■ **Given information**:
········

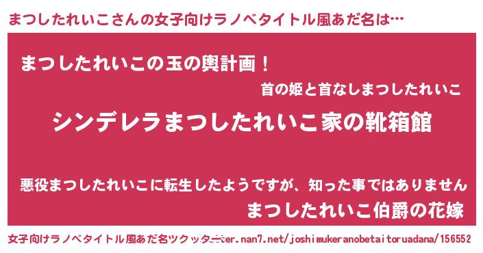 | 男性向けラノベタイトル風あだ名 | 『緋弾のマツシタレイコ』 |
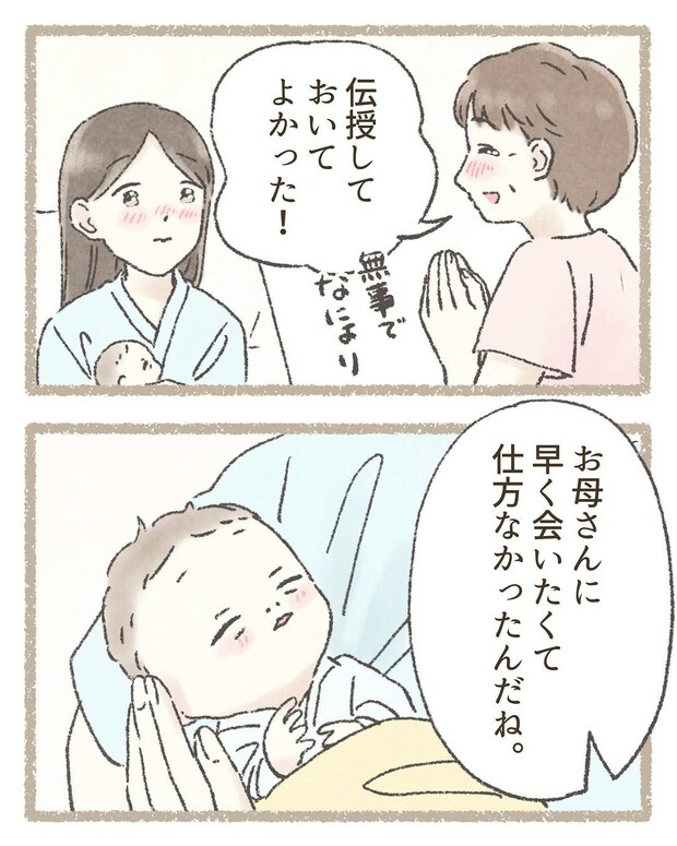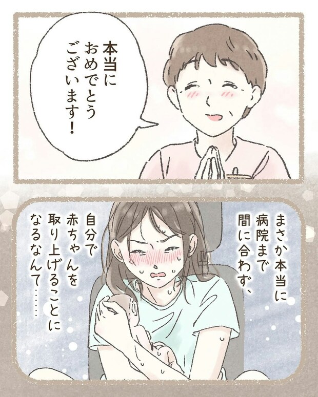 涙をにじませ、心からのおめでとうをわこさんに伝えてくれた助産師さん。もしも助産師さんからのアドバイスがなかったら、車内でパニックになって、何もできないままに出産をすることになっただろう…わこさんは振り返ります。
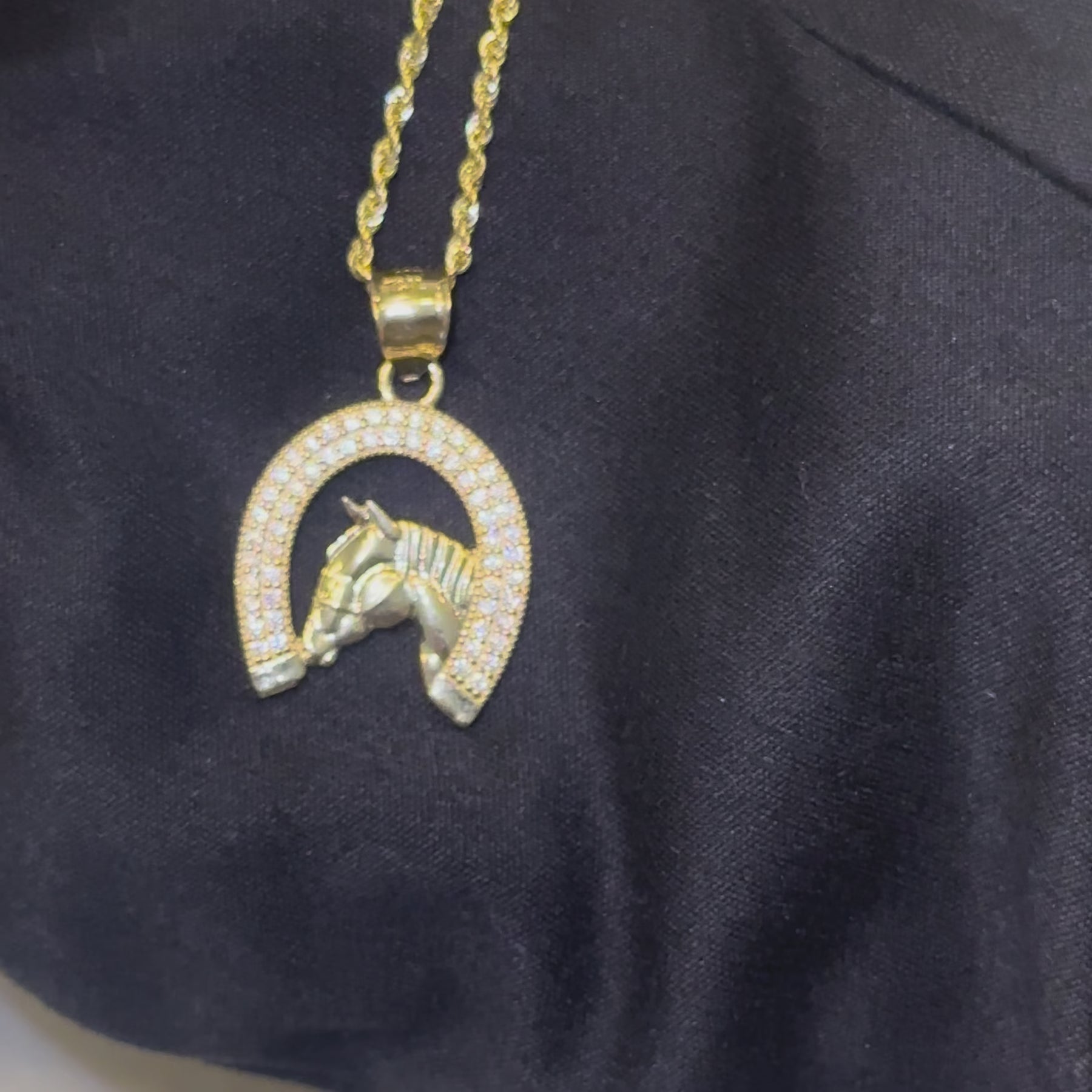 10K Horseshoe Charm & 1.5mm Rope Chain

········

■ **Task item**: Reproduce the material exactly; keep pictures out.

■ **Exercise answer**:
 | 男性向けラノベタイトル風あだ名 | 『緋弾のマツシタレイコ』 |
 涙をにじませ、心からのおめでとうをわこさんに伝えてくれた助産師さん。もしも助産師さんからのアドバイスがなかったら、車内でパニックになって、何もできないままに出産をすることになっただろう…わこさんは振り返ります。
 10K Horseshoe Charm & 1.5mm Rope Chain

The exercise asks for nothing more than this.